The camera on my mobile phone is broken, so you'll have to take my word for it when I say that a recruitment agency near my office is currently advertising for a "NURSEY NURSE".
At first I assumed this was a typo, but Googling 'Nursey Nurse' throws up the following vacancy on guardianjobs:
And Nursery World Jobs is carrying an advert for a "passionate nursey nurse":
I could go on, but it's past my beddy-byes.
6 comments:
The body of the ad for a Nursey Nurse does call it Nursery Nurse, so it looks like your first guess was right. It was a typo.
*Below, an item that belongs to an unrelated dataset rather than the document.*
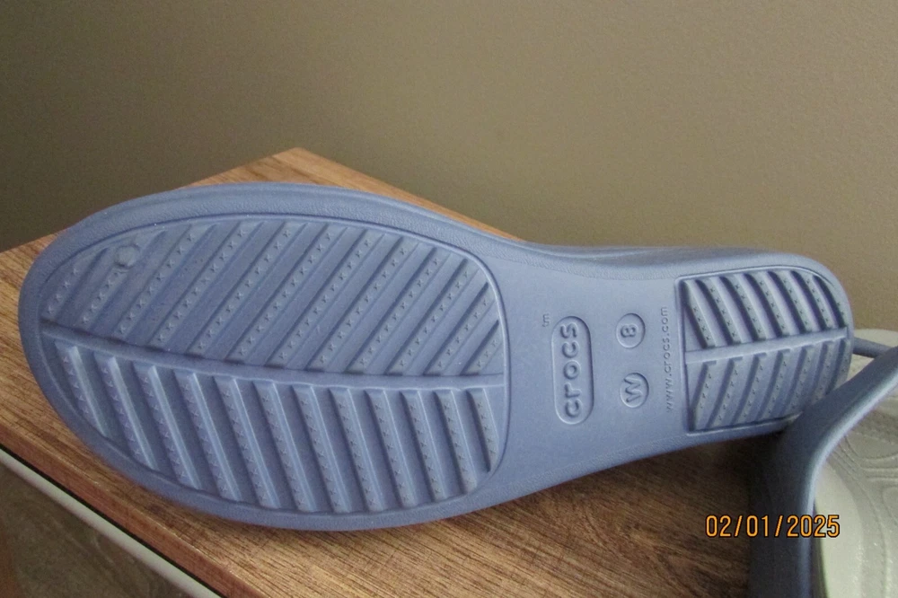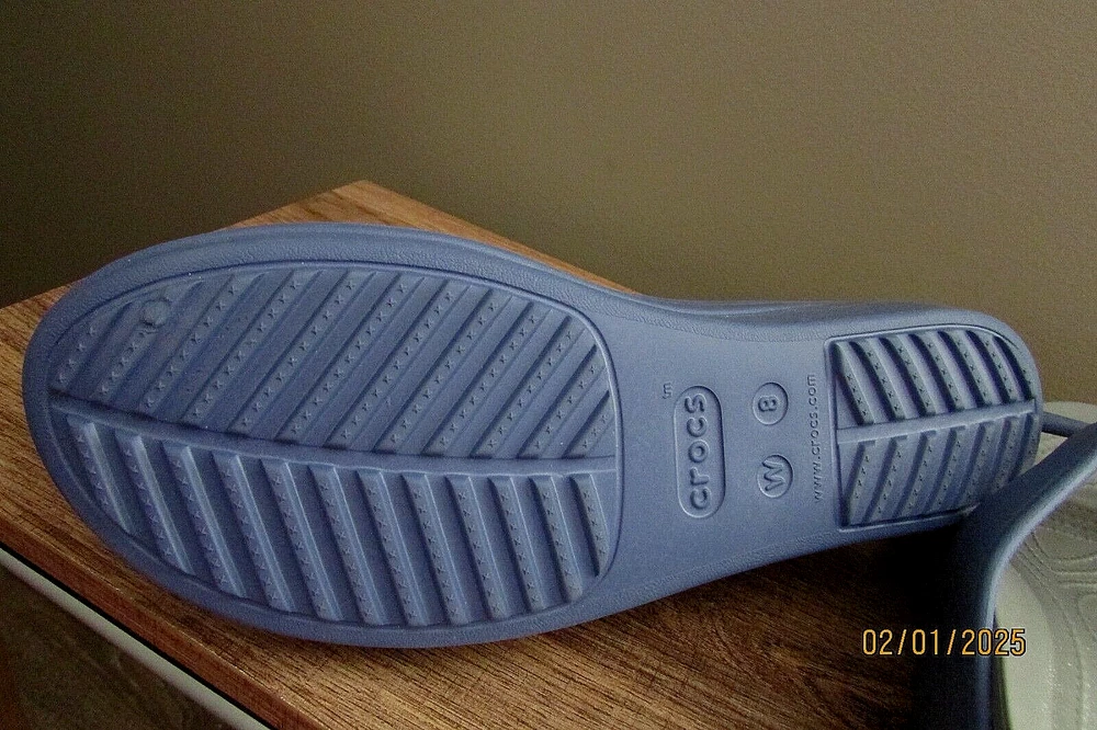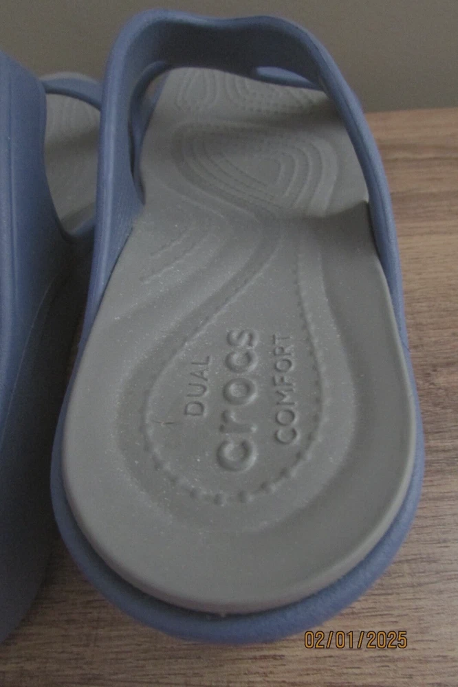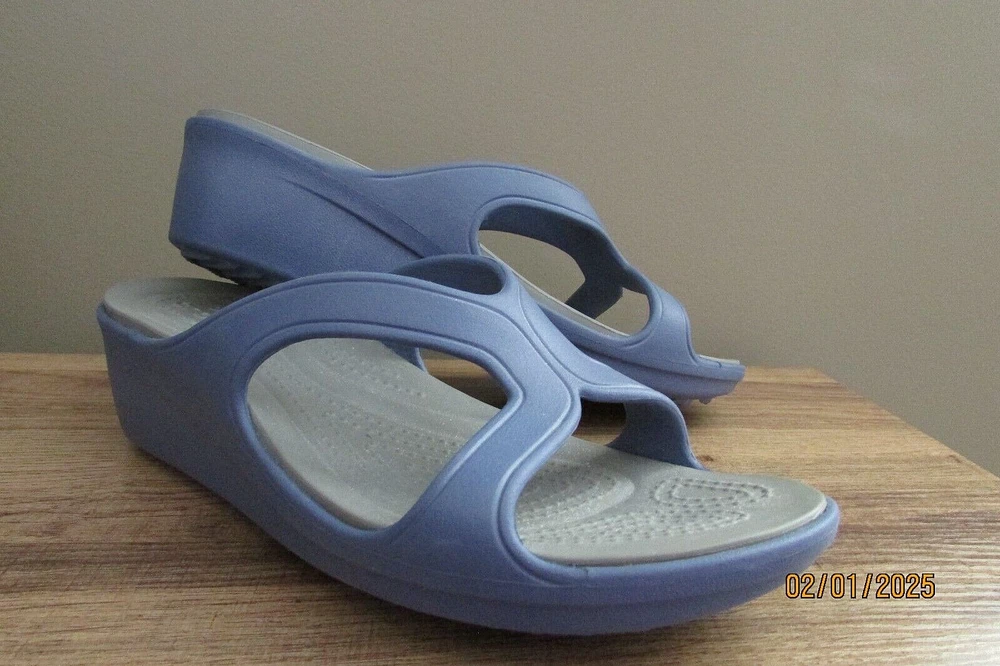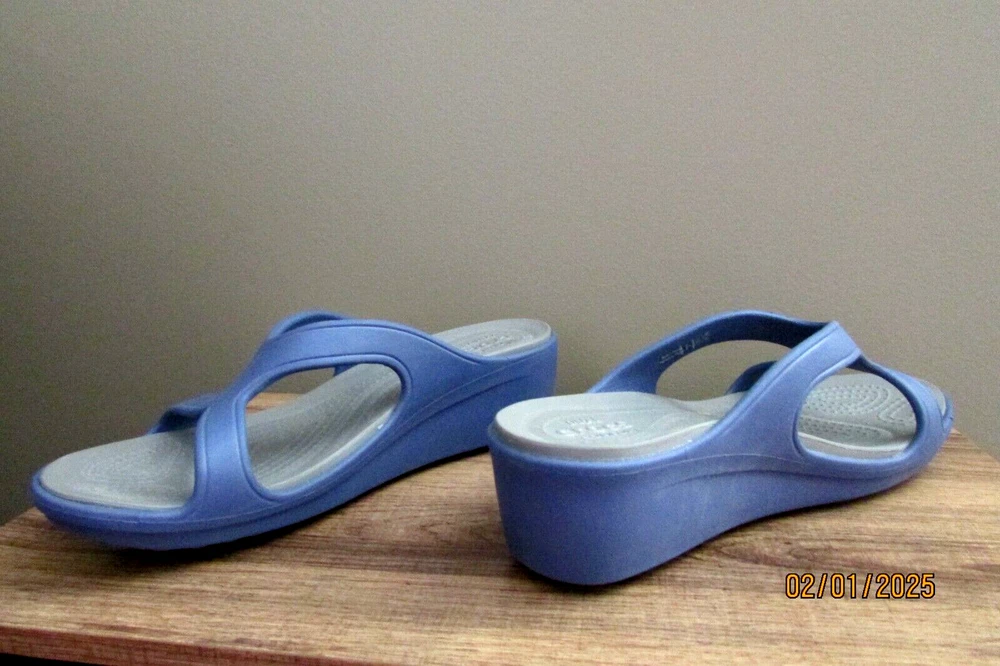 Crocs Sanrah Blue Gray Strappy slide wedge Comfort Sandals size 8 new without box smoke and pet free home

Nursey nurses are the nursiest!
It sounds a bit Carry On to me!
Carry On Nursey Nurse - it could be a remake of Carry On Nurse...
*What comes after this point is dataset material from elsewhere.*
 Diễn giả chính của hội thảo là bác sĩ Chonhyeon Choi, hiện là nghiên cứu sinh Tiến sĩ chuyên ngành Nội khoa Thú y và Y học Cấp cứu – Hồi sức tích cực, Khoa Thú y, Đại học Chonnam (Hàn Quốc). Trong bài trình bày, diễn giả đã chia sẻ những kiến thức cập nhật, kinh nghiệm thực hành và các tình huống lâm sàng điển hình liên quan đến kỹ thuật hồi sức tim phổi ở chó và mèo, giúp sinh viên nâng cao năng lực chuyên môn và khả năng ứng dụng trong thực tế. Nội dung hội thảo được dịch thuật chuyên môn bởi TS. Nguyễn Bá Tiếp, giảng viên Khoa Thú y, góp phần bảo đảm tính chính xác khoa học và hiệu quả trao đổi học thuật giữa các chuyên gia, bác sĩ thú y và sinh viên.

Instant google research reveals 35,500 instances of the typo, most of which seem to be adverts for nursery nurses in the UK. I suspected a quirk in Microsoft spell-checker, but just tried "nursery" in Word 97 both UK and US language. So it cannot be that.
So 35,500 instances of 'nursey nurse' in Google and 523,000 instances of 'nursery nurse'. That means the ratio of 'nursey nurse' to 'nursery nurse' is about 1:15. Seems like a high proportion of nursey nurses to me. (Probably a totally unscientific way at looking at language use, though.)